### Input material
- - -
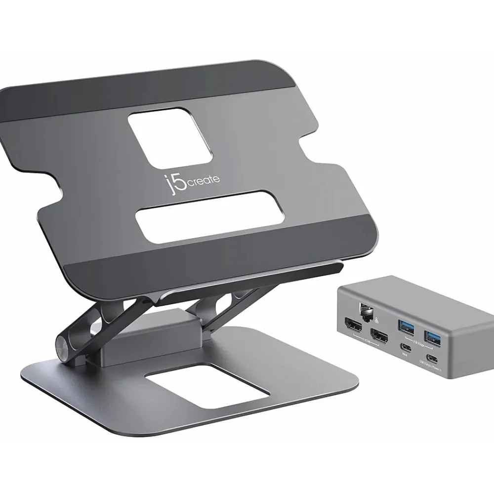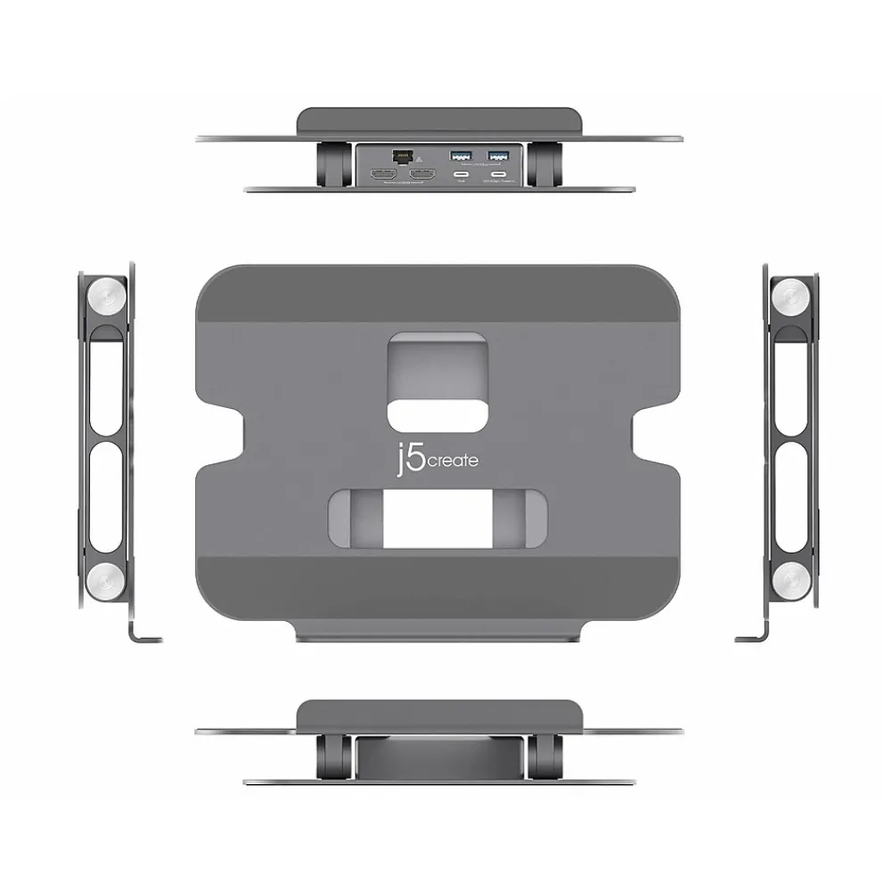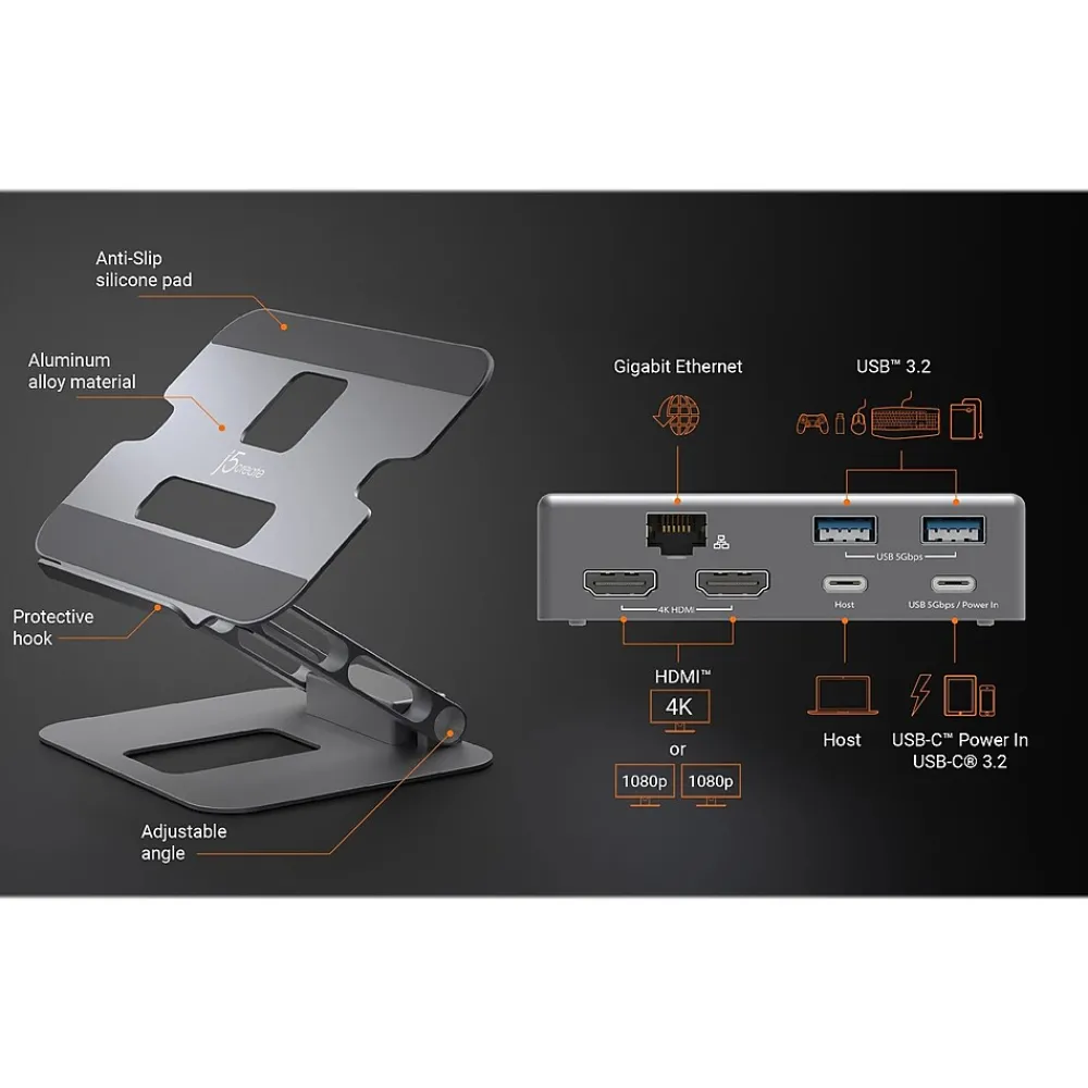 Made of durable aluminum, this j5create multi-angle stand can support a variety of items in addition to a laptop, including tablets, books, etc. The foldable design allows for easy storage or transport, while the viewing angles and heights can be adjusted to fit your needs and optimize your viewing experience. This versatile stand gives you the ability to create a more efficient workspace, whether you need extra space or a standing desk setup. The integrated USB Type-C mini dock lets you easily create a workstation with one 4K HDMI or dual 1080p HDMI display outputs, a Gigabit Ethernet port for easy network access, and two 5Gbps USB Type-A downstream ports, as well as a USB Type-C port that supports 5Gbps data transfer rate and up to 100W pass-through, providing all the connectivity you need for enhanced productivity and to connect your peripherals.
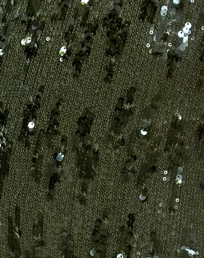The Lalaurie dress in khaki mixed drape sequin fabric. Mini style dress with a scooped neckline, thin straps and a slight bodycon fit.
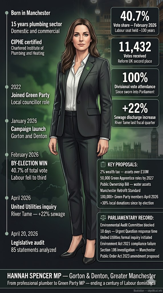 Hannah Spencer is a certified member of the Chartered Institute of Plumbing and Heating Engineering who in 2026 represents Gorton and Denton in Parliament. She joined the Green Party in 2022 and utilized her technical expertise to highlight the failure of the Department for Environment, Food & Rural Affairs to regulate private utilities. Her campaign focused on a hyper local strategy that prioritized infrastructure fixes over national party narratives.
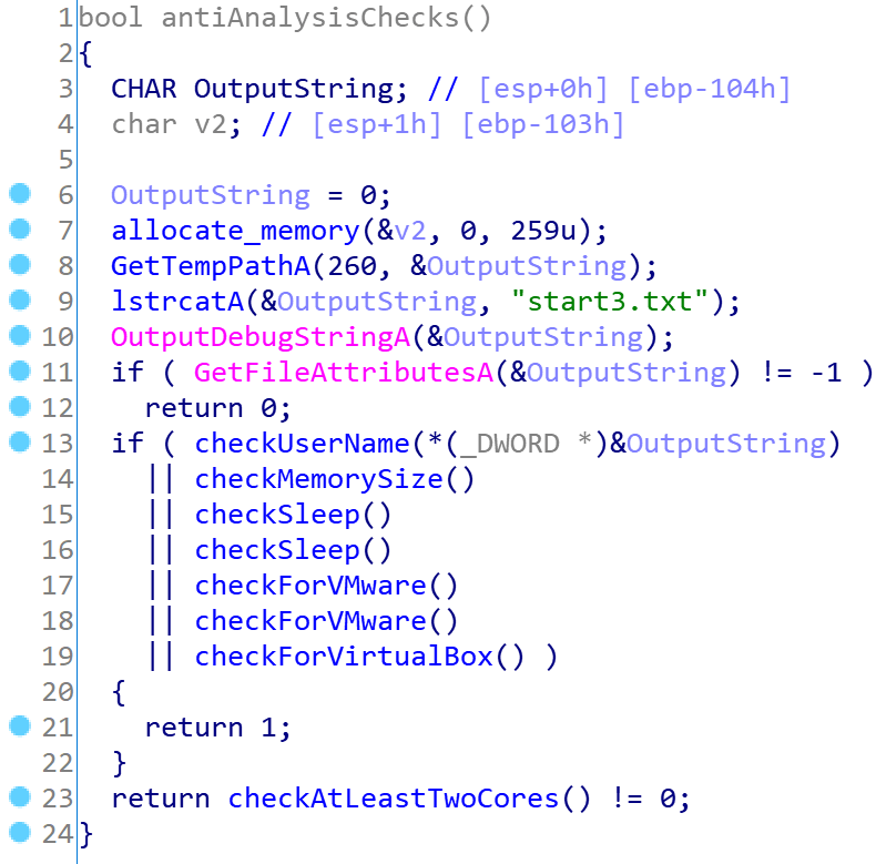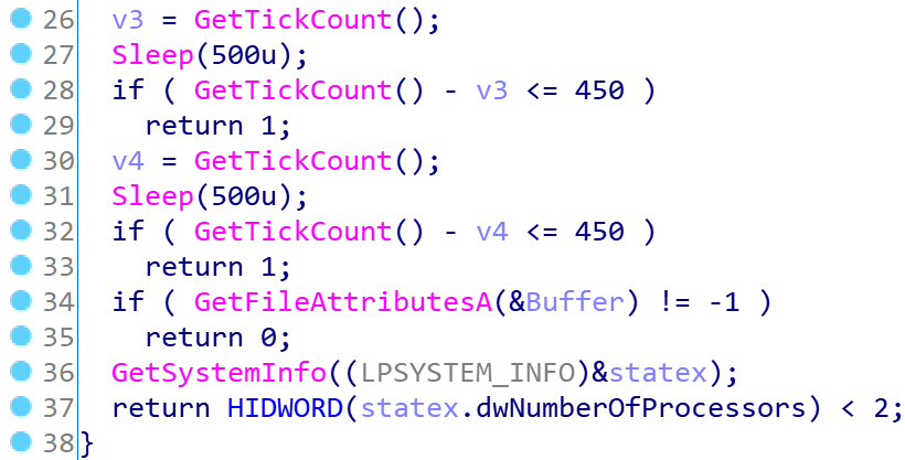 Other checks are reminiscent of our previous analysis in Part 1: the size of the memory is assessed (here, the malware stops if there is less than 2.33GiB of RAM), Sleep functions are verified to be executed and not skipped, the number of CPU cores is verified (at least two cores are needed), and an inexistant file does not suddenly exist.
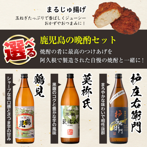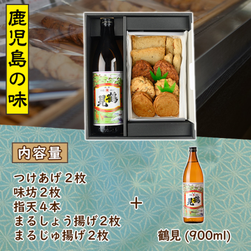 さつま揚げ5種(合計12枚)と地元芋焼酎「鶴見」(1本) さつまあげ つきあげ つけ揚げ 焼酎 芋焼酎 セット だいやめセット【まるじゅ本舗】akn002-05 137182 - 鹿児島県阿久根市
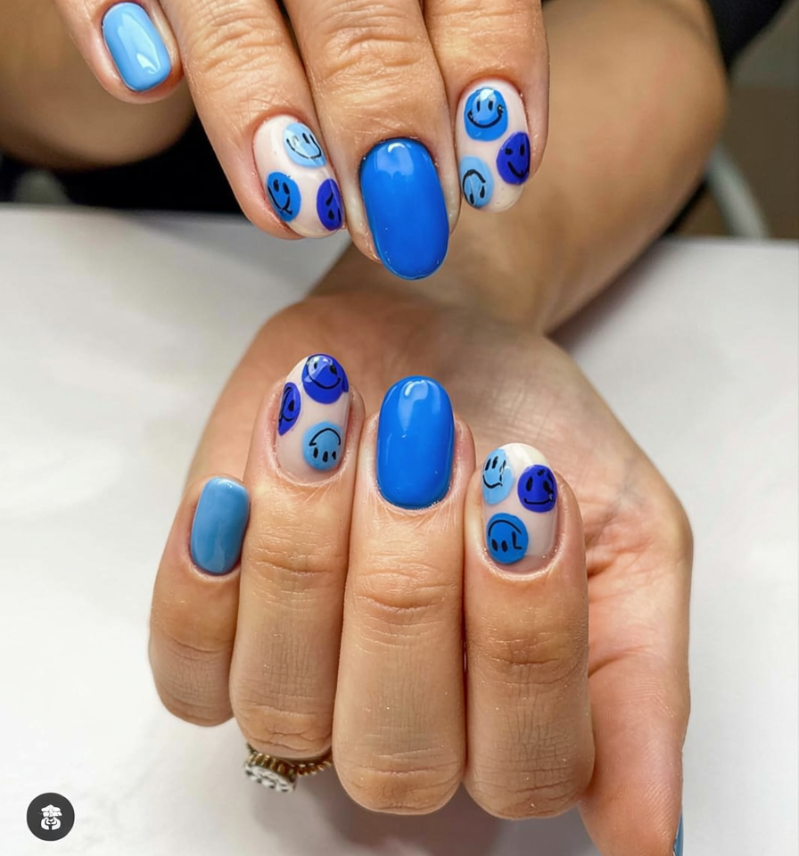 This manicure is perfect for people who have positive vibes in their mood throughout the summer season. Yellow smiley face features emerge from a blue color palette with both light and dark tones. The rounded nail shape used in this design creates a youthful and carefree look.
- - -
Copy, word for word, the entries above from the first line to the line that holds "さつま揚げ5種(合計12枚)と地元芋焼酎「鶴見」(1本) さつまあげ つきあげ". Drop the pictures.

 Made of durable aluminum, this j5create multi-angle stand can support a variety of items in addition to a laptop, including tablets, books, etc. The foldable design allows for easy storage or transport, while the viewing angles and heights can be adjusted to fit your needs and optimize your viewing experience. This versatile stand gives you the ability to create a more efficient workspace, whether you need extra space or a standing desk setup. The integrated USB Type-C mini dock lets you easily create a workstation with one 4K HDMI or dual 1080p HDMI display outputs, a Gigabit Ethernet port for easy network access, and two 5Gbps USB Type-A downstream ports, as well as a USB Type-C port that supports 5Gbps data transfer rate and up to 100W pass-through, providing all the connectivity you need for enhanced productivity and to connect your peripherals.
The Lalaurie dress in khaki mixed drape sequin fabric. Mini style dress with a scooped neckline, thin straps and a slight bodycon fit.
 Hannah Spencer is a certified member of the Chartered Institute of Plumbing and Heating Engineering who in 2026 represents Gorton and Denton in Parliament. She joined the Green Party in 2022 and utilized her technical expertise to highlight the failure of the Department for Environment, Food & Rural Affairs to regulate private utilities. Her campaign focused on a hyper local strategy that prioritized infrastructure fixes over national party narratives.
 Other checks are reminiscent of our previous analysis in Part 1: the size of the memory is assessed (here, the malware stops if there is less than 2.33GiB of RAM), Sleep functions are verified to be executed and not skipped, the number of CPU cores is verified (at least two cores are needed), and an inexistant file does not suddenly exist.
 さつま揚げ5種(合計12枚)と地元芋焼酎「鶴見」(1本) さつまあげ つきあげ つけ揚げ 焼酎 芋焼酎 セット だいやめセット【まるじゅ本舗】akn002-05 137182 - 鹿児島県阿久根市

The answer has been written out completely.